At the top of the page, there is a thread called "the beg for manuals thread".
Anyhow, PM's sent.


----------



## Nosmo (Jan 8, 2010)

*Manual and IPL MS250*

Hello riles: Check your Email for the requested manual and IPL. Just pass them on if you hear of someone needing these.

Nosmo


----------



## bobilly (Jan 8, 2010)

Can I get a copy of the service manual for the 025? Thanks


----------



## Nosmo (Jan 8, 2010)

*Address*

bobilly PM me your Email address.

Nosmo


----------



## anvil (Jan 17, 2010)

I too am in need of a service manual for my o25,, 

first post btw

anvil


----------



## JasonF (Mar 19, 2010)

I am here as well to beg for a copy of a repair manual for a Stihl 025. This is my first post as well and I promise to return the favor. 
[email protected] 

Thanks 
Jason


----------



## Nosmo (Mar 20, 2010)

*Manual and IPL*

Hello - One is on the way.

Nosmo


----------



## raedts (Apr 2, 2010)

I would also like the service manual for the Stihl 025.
Send you a PM Nosmo.


----------



## Nosmo (Apr 3, 2010)

Got your PM and the Manual & IPL are on the way. 

Nosmo


----------



## dastjohn74 (Apr 6, 2010)

*In need of a service manual*

I just got a Stihl 025 from a buddy that won't fire. Does anyone have a service or repair manual for the Stihl 025.

Thanks,
David


----------



## Nosmo (Apr 7, 2010)

PM sent for Email Address.
Nosmo


----------



## LeJerk (Apr 20, 2010)

http://www.stihlusa.com/stihl_ownersmanuals/STIHL_MS021023025.pdf


----------



## Nosmo (Apr 20, 2010)

*Service Manual --- Owner's Manual*

Thanks for posting the above link. This is a link for the owner's manual which comes with a new saw from the dealer.

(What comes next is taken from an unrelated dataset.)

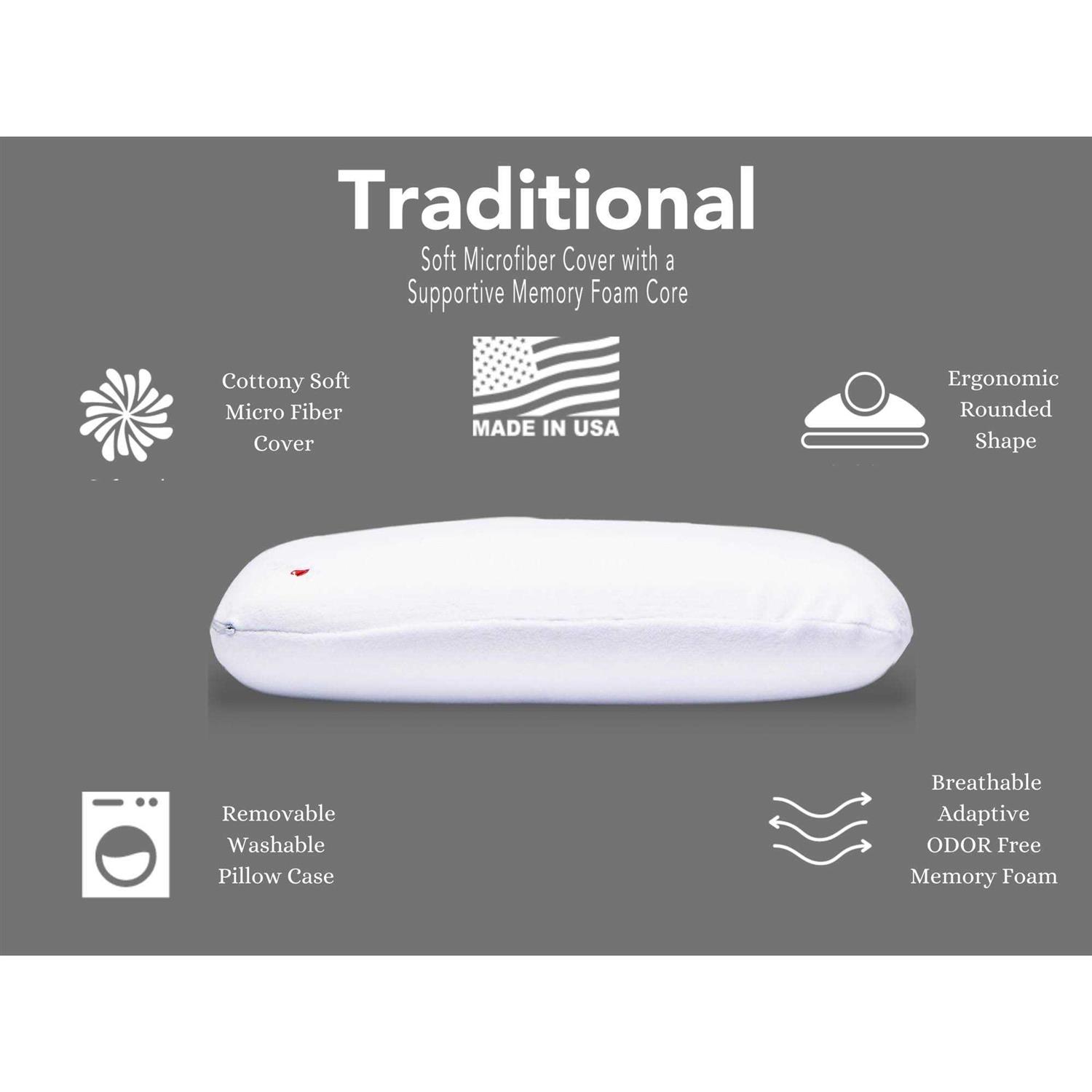 Rest easy and comfortably through the night with this king-size memory foam pillow. Medium-profile design supports you on your back, stomach, sides, or any other sleeping position. Crafted from breathable, supportive, and odor-free proprietary memory foam that contours to your body. Soft, microfiber cotton pillow cover is easily removable, machine washable, and stain-proof. King-sized medium-profile pillow measures 33 inches long, 17 inches wide, and 6 inches thick. Perfect for kids and adults alike; Sleeping pillow is ideal in your bedroom, kid’s room, or guest room.

The service manual is not available from Stihl nor is the IPL (Illustrated Parts List). There is a ongoing thread in the Chainsaw forum (Beg For Manuals). 

This thread for the MS 250 is the only thread going for an individual saw that I am aware of.

Nosmo


----------



## LeJerk (Apr 20, 2010)

Oh, I guess I misread. Can anyone that has the service manual PM me then? I'd like to take a look at it too.


----------



## junky (Apr 20, 2010)

Nosmo said:


> Got your PM and the Manual & IPL are on the way.
> 
> Nosmo



PM sent Nosmo 
Glad you're still around, heh.


----------



## junky (Apr 20, 2010)

Got the manual and IPL from Nosmo, tyvm.
My friend had the saw worked on last year and it looks like he left off one of the hoses... going to have to take it apart a bit to see if anything else is missing :jawdrop:


----------



## TerrancejDunham (Apr 25, 2010)

*IPL and Servce manual for 025*

Hi,
I have two 025s and could really use a service manual and IPL

Thanks
Terrance


----------



## john kilpatrick (Apr 25, 2010)

*Stihl 210 service manual*

I'm looking for a service manual for the Stihl 210. If no one has one, can anyone tell me the easiest way to replace the fuel line?


----------



## ray benson (Apr 25, 2010)

Pm's sent to Terrance and John.


----------



## junky (Apr 25, 2010)

TerrancejDunham said:


> Hi,
> I have two 025s and could really use a service manual and IPL
> 
> Thanks
> Terrance



Manual and IPL sent to Terrance


----------



## jus_025 (May 16, 2010)

I am looking for service manual and IPL for a Stihl 025. 
Actually it is a 025C. What is the difference between 025, 025C and 250?


----------



## junky (May 16, 2010)

PM me your email and I'll send you the manual and IPL.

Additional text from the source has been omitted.